Au niveau social, la société gabonaise se développe de plus en plus, entraînant des transformations des structures sociales et familiales (G. Balandier, 1982) 171 . Ce qui permet alors un relâchement des réseaux de relations familiales se caractérisant par le passage des familles élargies aux familles restreintes. Le sujet affronte seul désormais son destin. « …Mon oncle ne s’occupe d’elle alors qu’avant, il le faisait. C’est lui qui m’a fait venir à Libreville… », réclame le sujet. Ce qui entraîne un développement de l’individualisme chez les individus. Le sentiment de solitude créé non seulement par la mise en pratique de la foi et les difficultés de la vie en ville ont entraîné un individualisme, ont provoqué chez le sujet une désorganisation de sa personnalité. Face aux effets de cet individualisme auxquels les mécanismes culturels ne peuvent résister (rétrécissement du noyau familial), il y a une augmentation de l’angoisse chez le sujet. Cette augmentation est aussi facilitée par la rupture ou les relations conflictuelles avec le groupe, à l’origine d’un sentiment d’abandon.

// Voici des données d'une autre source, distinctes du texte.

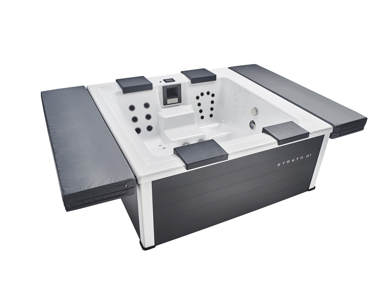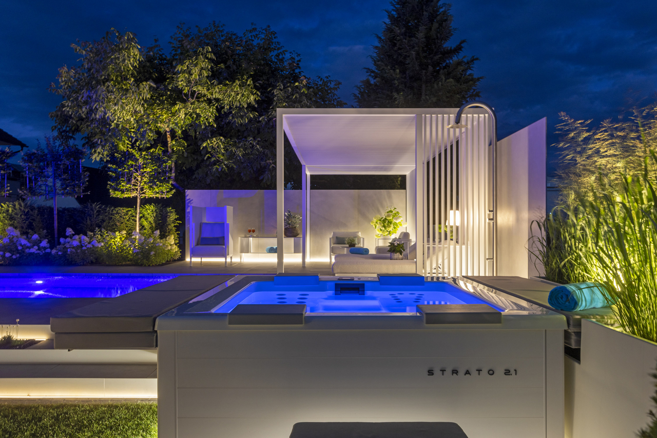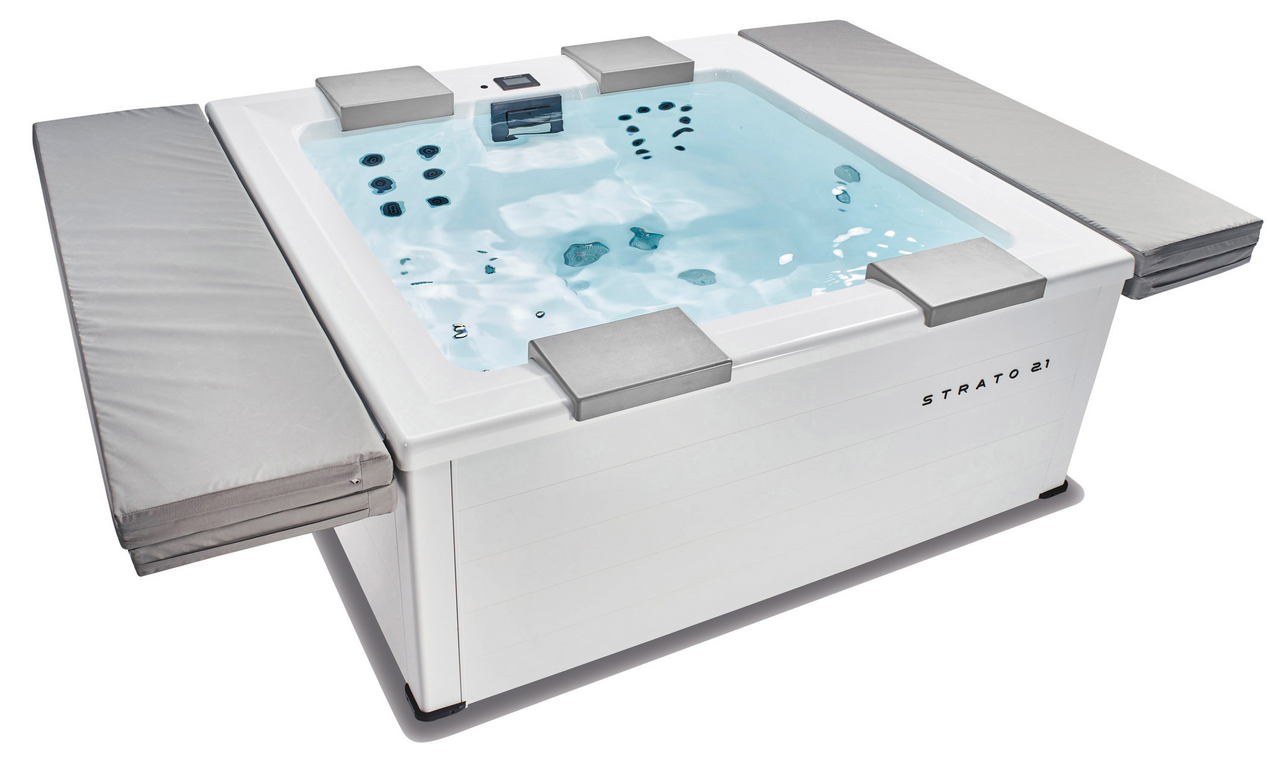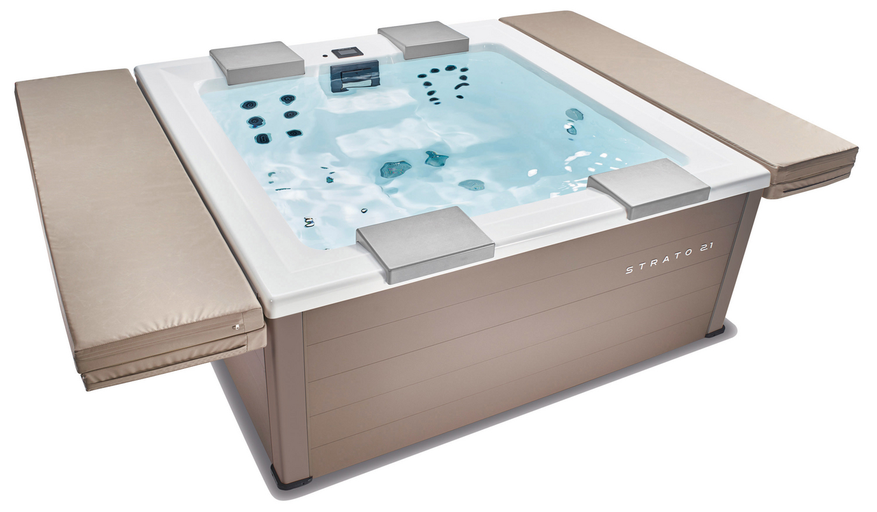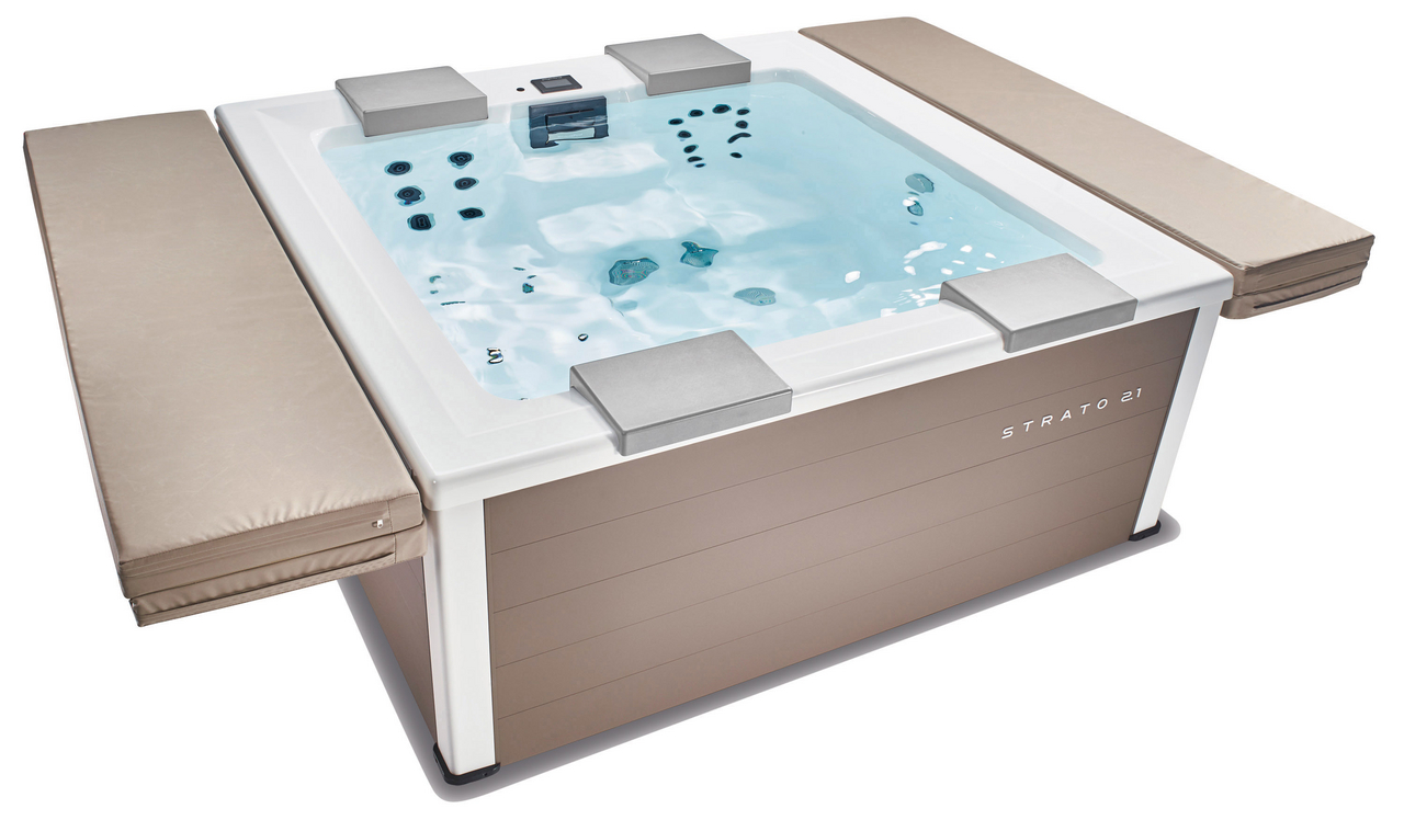 The Strato 2.1 and the new Strato 2.4 whirlpool with 5 seats – portable whirlpools with the maximum of contemporary design.
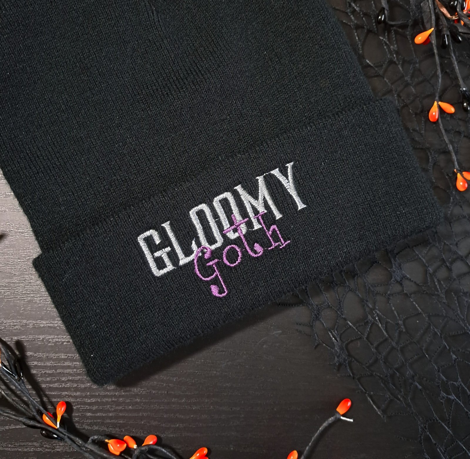 This Gloomy Goth embroidered beanie keeps things simple with sharp white lettering and subtle purple detail stitched directly onto the folded cuff. The contrast thread gives definition without overpowering the design, making it easy to style with everyday alternative pieces.

Toutes ces situations ont pu constituer des traumatismes à différents degrés et ont pu contribuer à l’apparition d’une angoisse chez Angèle. Etant donné l’existence de cette angoisse chez le sujet, quelles sont les modalités de fonctionnement d’Angèle ? Ce qui conduit à s’intéresser au fonctionnement psychique sur la base du Rorschach et du TAT.

Notes
170.

Jacques Alain Bitsi. Désorganisation familiale et pathologie mentale. Mémoire de Licence, Université Omar Bongo, Libreville, 1997.

171.

Georges Balandier, Sociologie actuelle de l’Afrique noire : dynamique sociale en Afrique centrale. Paris, P.U.F., 1982, 529 p.